Everything from the line with "In as new conditions, set" to the line with "Просторный номер площадью" in the listing below, both lines included, needs to be copied exactly, apart from the pictures.

**PROVIDED DATA:**
=== Begin Enclosure ===

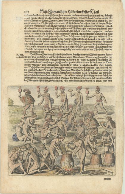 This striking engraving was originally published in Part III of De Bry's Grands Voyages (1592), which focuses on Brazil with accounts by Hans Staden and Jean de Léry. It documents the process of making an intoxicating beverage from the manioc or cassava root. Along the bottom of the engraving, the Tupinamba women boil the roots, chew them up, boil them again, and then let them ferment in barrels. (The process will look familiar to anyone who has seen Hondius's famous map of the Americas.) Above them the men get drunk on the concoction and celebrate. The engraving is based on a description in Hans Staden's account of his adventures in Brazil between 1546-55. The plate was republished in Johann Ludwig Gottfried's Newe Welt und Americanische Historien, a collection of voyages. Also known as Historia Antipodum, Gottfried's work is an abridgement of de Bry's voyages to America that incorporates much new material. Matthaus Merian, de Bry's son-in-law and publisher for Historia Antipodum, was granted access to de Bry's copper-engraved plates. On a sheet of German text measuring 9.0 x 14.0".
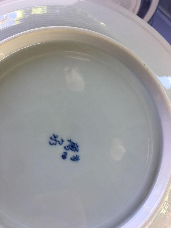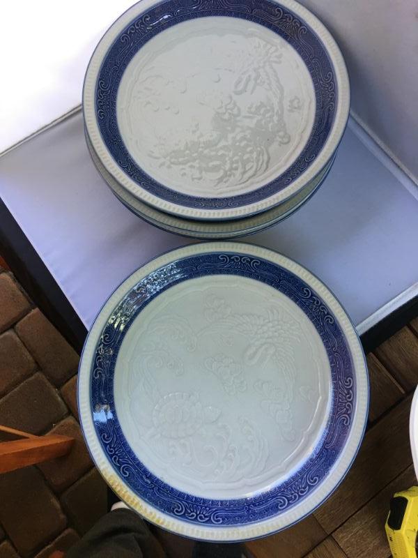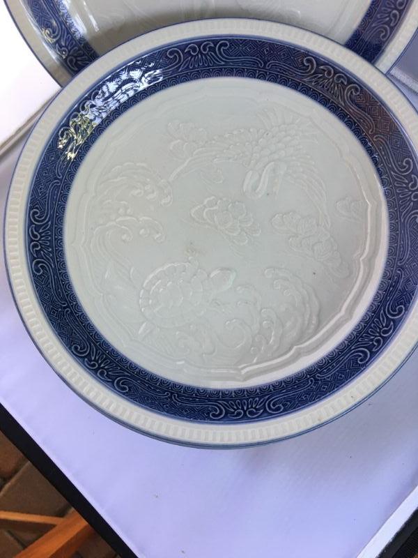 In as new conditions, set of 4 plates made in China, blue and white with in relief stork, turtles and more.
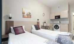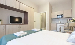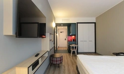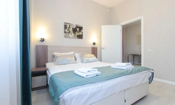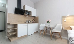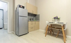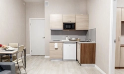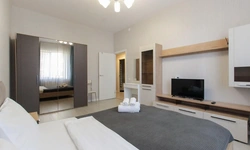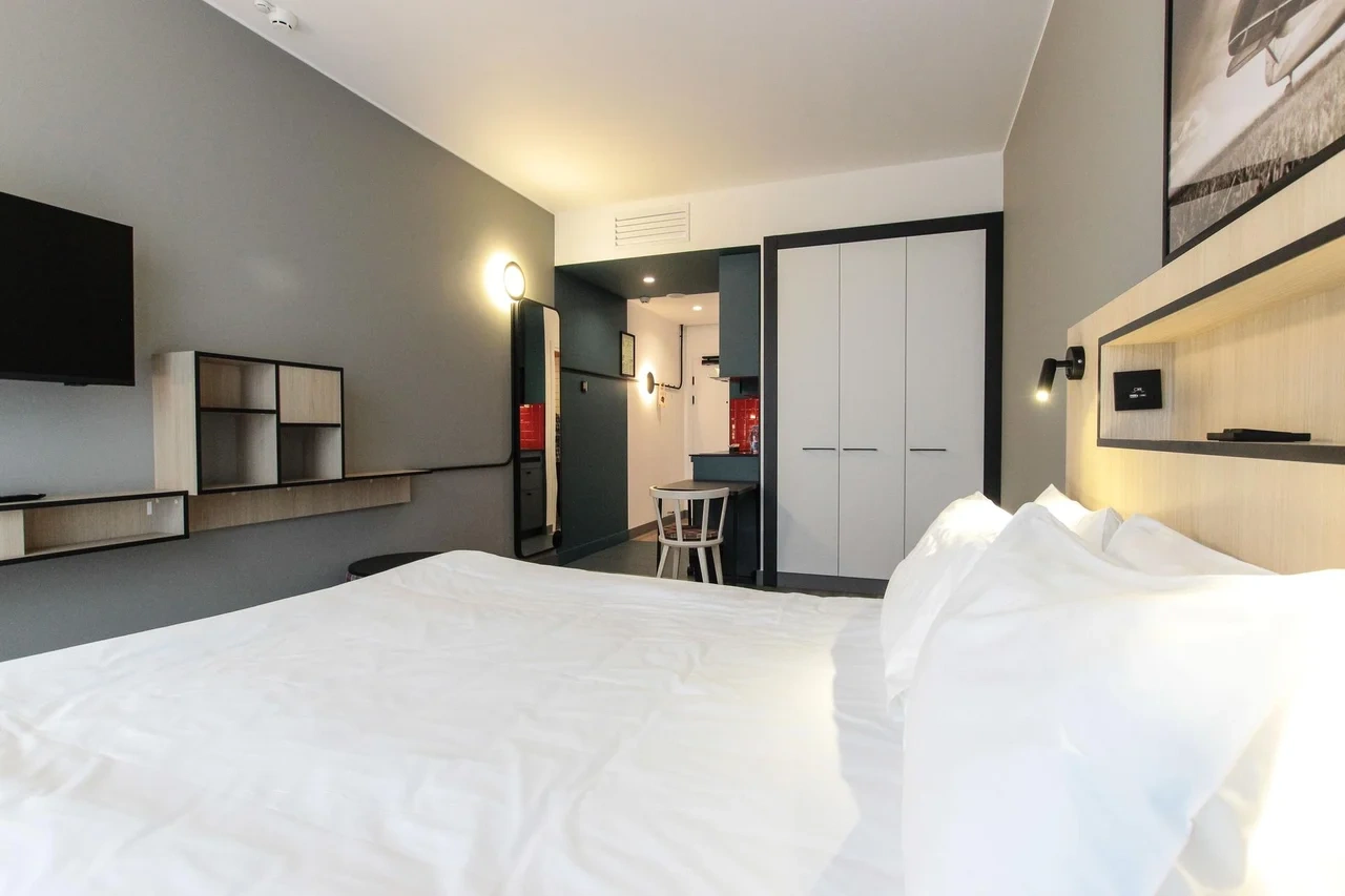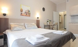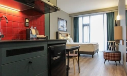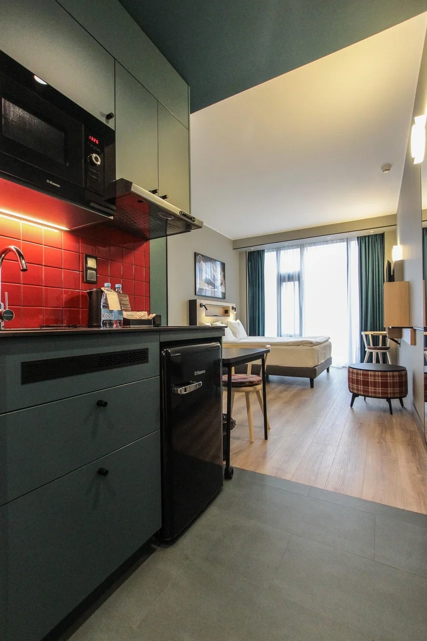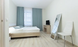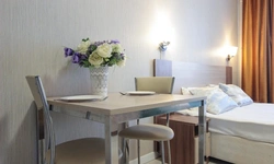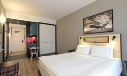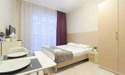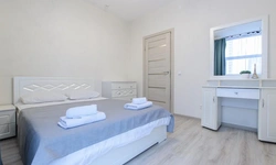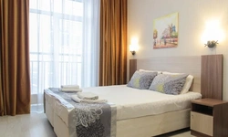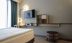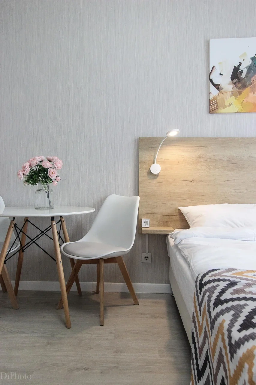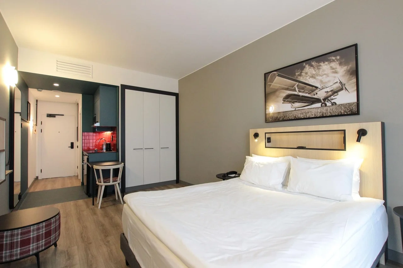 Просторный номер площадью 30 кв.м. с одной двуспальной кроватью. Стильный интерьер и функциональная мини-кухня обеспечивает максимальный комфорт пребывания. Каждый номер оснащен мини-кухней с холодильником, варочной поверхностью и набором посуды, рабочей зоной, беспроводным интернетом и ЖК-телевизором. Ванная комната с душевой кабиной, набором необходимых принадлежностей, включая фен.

=== End Enclosure ===
=== Begin Enclosure ===

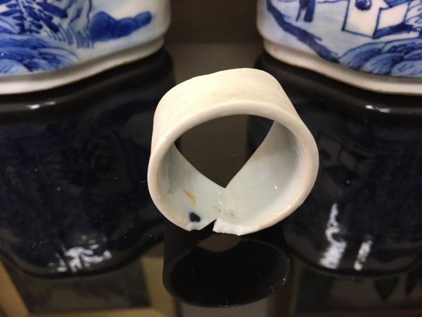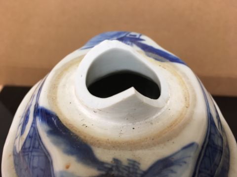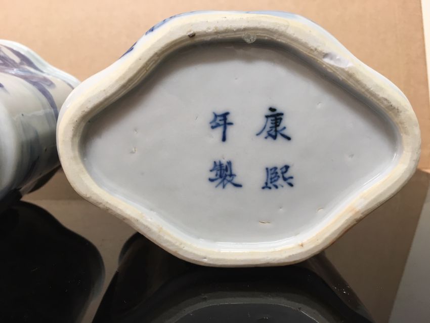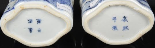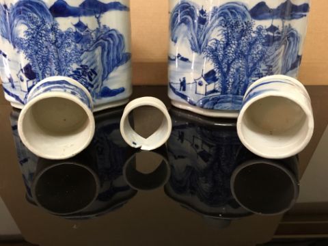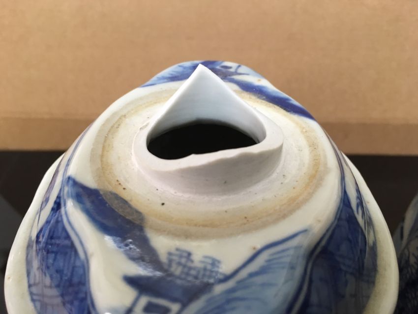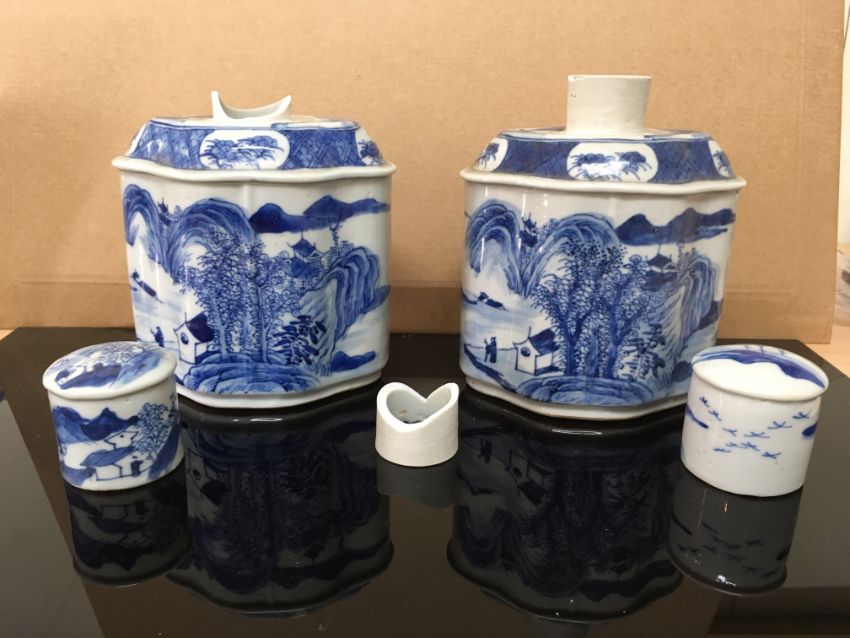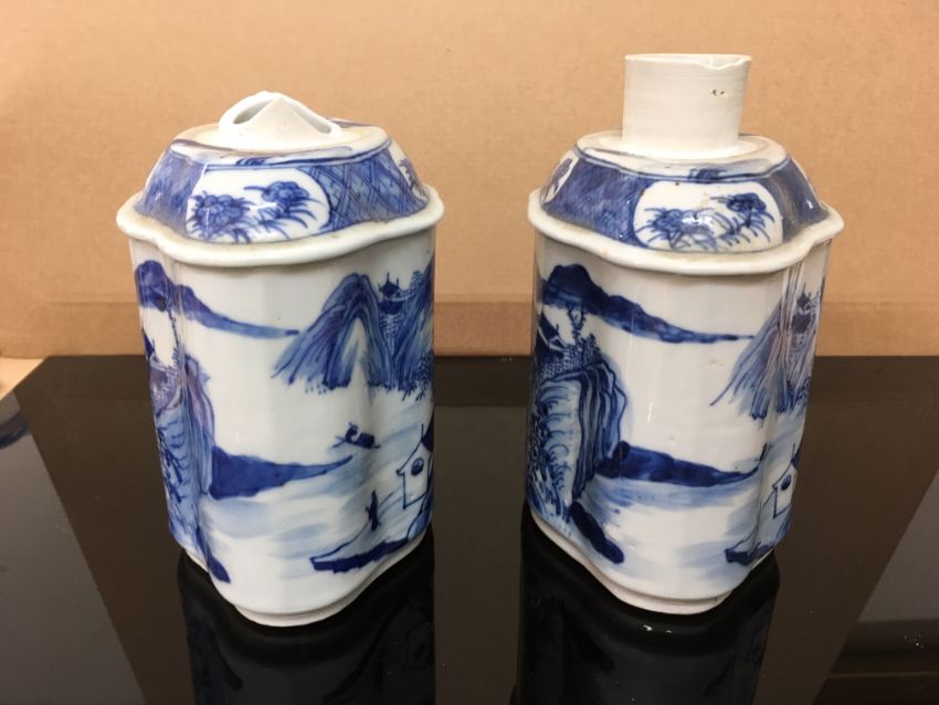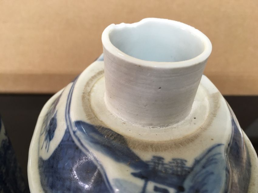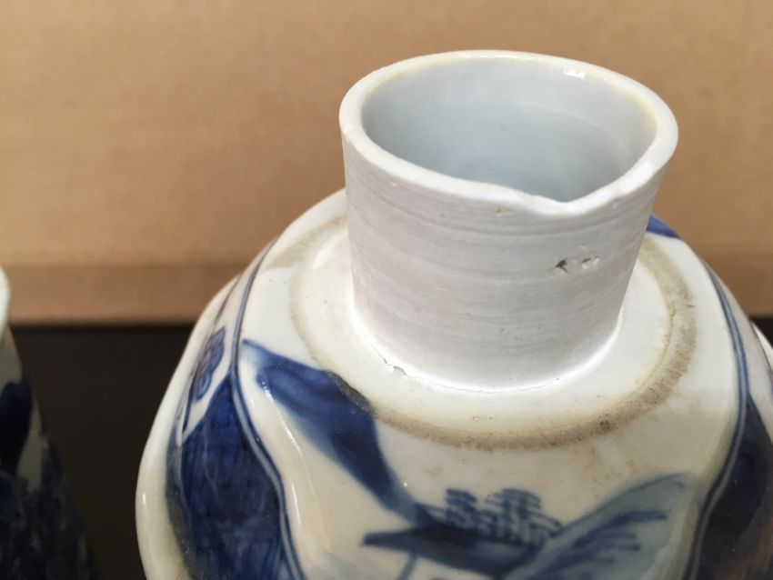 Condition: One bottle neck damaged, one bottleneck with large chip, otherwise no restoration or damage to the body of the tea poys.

=== End Enclosure ===

**COMPLETED TASK:**
 In as new conditions, set of 4 plates made in China, blue and white with in relief stork, turtles and more.
 Просторный номер площадью 30 кв.м. с одной двуспальной кроватью. Стильный интерьер и функциональная мини-кухня обеспечивает максимальный комфорт пребывания. Каждый номер оснащен мини-кухней с холодильником, варочной поверхностью и набором посуды, рабочей зоной, беспроводным интернетом и ЖК-телевизором. Ванная комната с душевой кабиной, набором необходимых принадлежностей, включая фен.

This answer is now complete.